Generalist mental health care for specialized populations produces generalist outcomes. Generalist outcomes are expensive.

Mamaya is the specialized mental-health layer for women in transition — pregnancy loss, perinatal, perimenopause, oncology, and other life-stage moments where generalist care measurably fails. We’re built to close cases faster, keep women in treatment, and reduce the fragmentation spend generalist routing creates.

Built to deploy nationwide. Coaching and programs go live nationwide in July 2026 — every covered life, in every state. Licensed therapy is in TN, TX, AR, FL, AL, and GA and expanding; medication management is in Tennessee.

How the cost cascades

Every woman routed to the wrong clinician sets off the same chain reaction.
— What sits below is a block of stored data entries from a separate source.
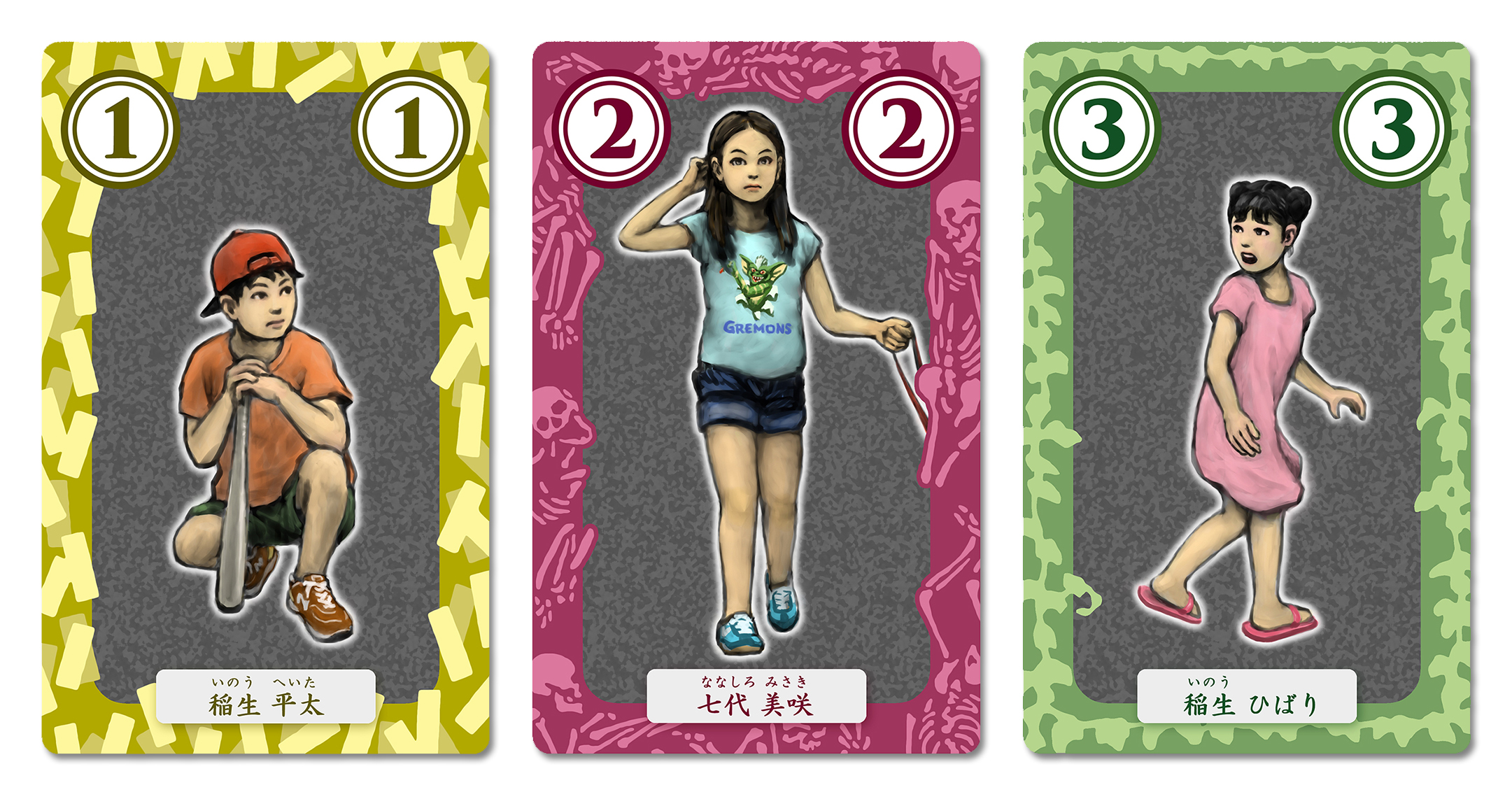 それぞれのスートは子ども・武器・お化け・場所の4種類に分かれています。
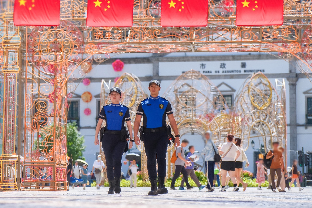 節假日期間,大多旅客前往路氹城金光大道、中區的新馬路及大三巴周邊遊覽。為保障現場暢通有序,治安警察局增派警力在各旅遊熱點周邊駐守,實時疏導人流,市民與旅客均自覺遵守現場警員指示行進,整體秩序良好。
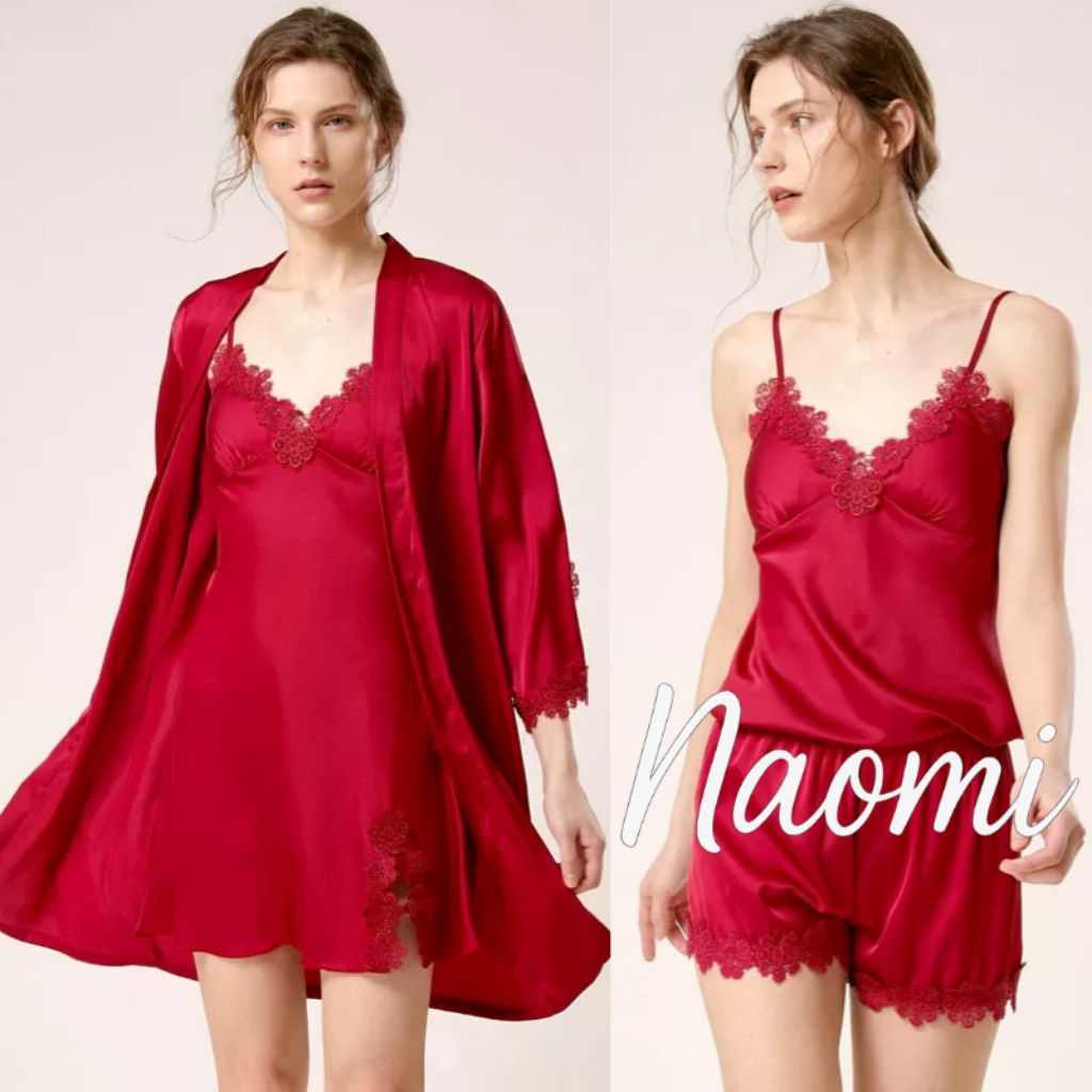 Piyama Wanita 4in1 Set Kimono – Baju Tidur Silk Sutra Premium Import | SHANUM
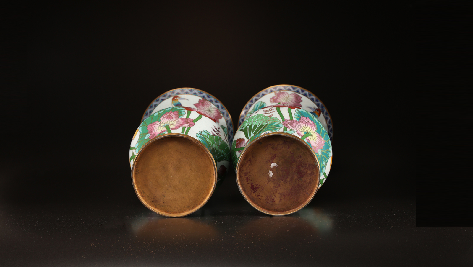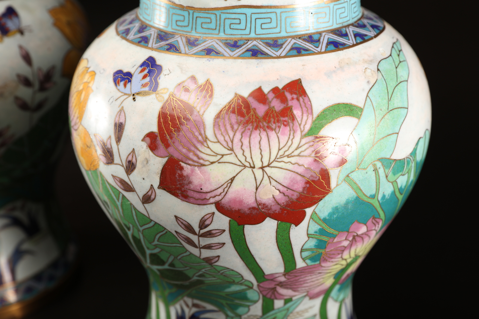 Arte Cinese Coppia di vasi cloisonné con decoro floreale
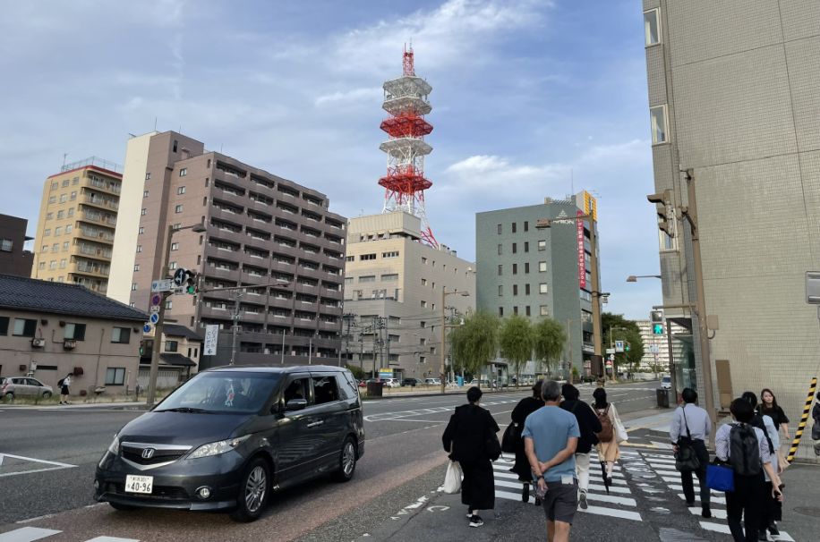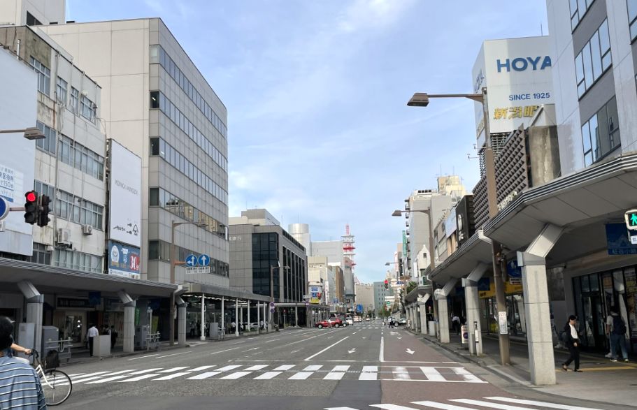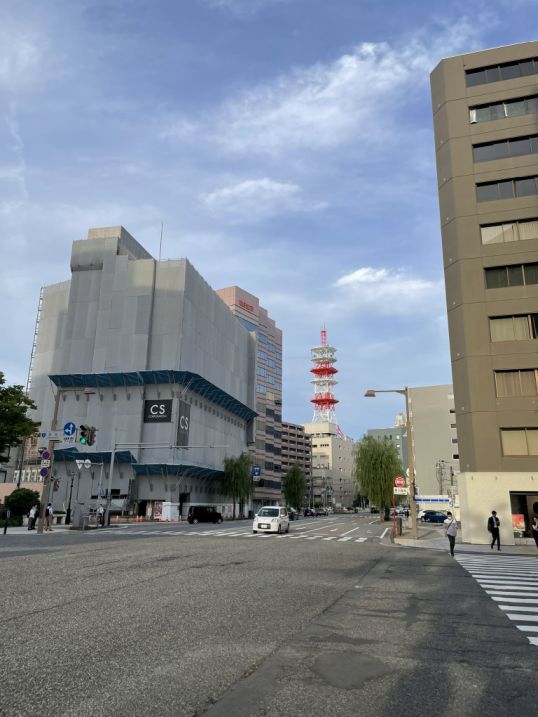 We are now walking on Route 7 and ahead is the NHK Niigata tower.
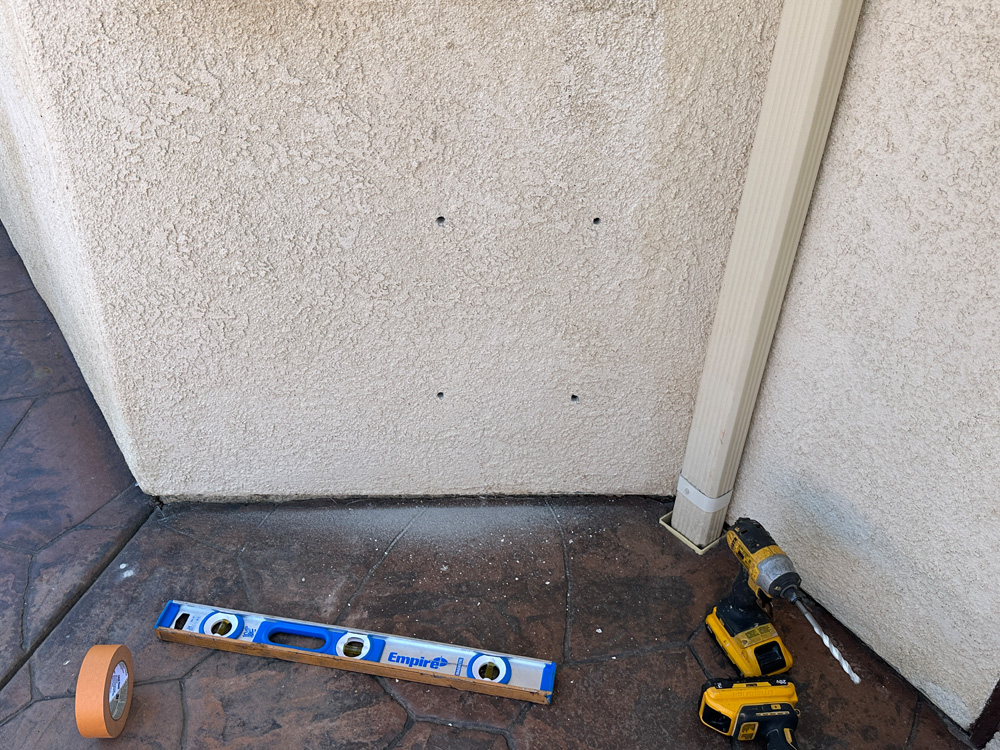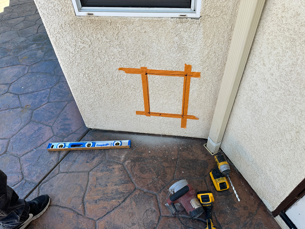 Next, I prepare my tools: a multi purpose tool, a grinder with a diamond blade to cut through the stucco like butter and a drill, and some safety gear, including gloves and goggles. I begin by drilling a few holes at the corners of the marked rectangle, guiding the grinder for a clean cut. The sawdust flies, but I keep a shop vacuum handy to minimize the mess, respecting the homeowner's space.
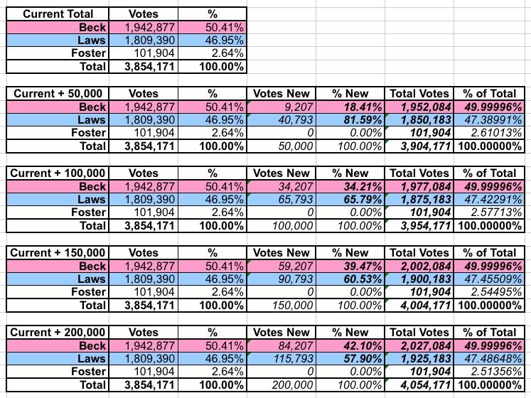 There would have to be nearly 50,000 more votes added for there to be any chance of a run-off, and Laws would have to win over 80% of those. At 100,000 additional votes, she'd have to take 2/3 of them, and if 200,000 more are added, she'd still have to win nearly 58% of the total. Still, anything is possible...

When a woman in pregnancy loss, oncology distress, or perimenopause is scheduled with a generalist therapist who doesn’t specialize in her clinical picture, she doesn’t stay in care. When she disengages, predictable things happen — and every one of them shows up on an employer or payer’s claims.

Early drop-out

She quits after 2–4 sessions feeling unseen. The therapeutic relationship never forms. She doesn't re-engage with care for 12+ months.

~$600 in wasted initial sessions

Self-soothing behaviors

Alcohol use rises 25–40% in untreated perinatal loss. Sleep medication misuse, increased smoking, and disordered eating all correlate with untreated life-stage distress.

$1,500–4,000 in downstream health claims

Workplace absenteeism

Untreated perimenopause, perinatal loss, or oncology distress averages 8–14 additional missed workdays annually. For a $75K employee, that's $2,300–4,000 in direct productivity loss.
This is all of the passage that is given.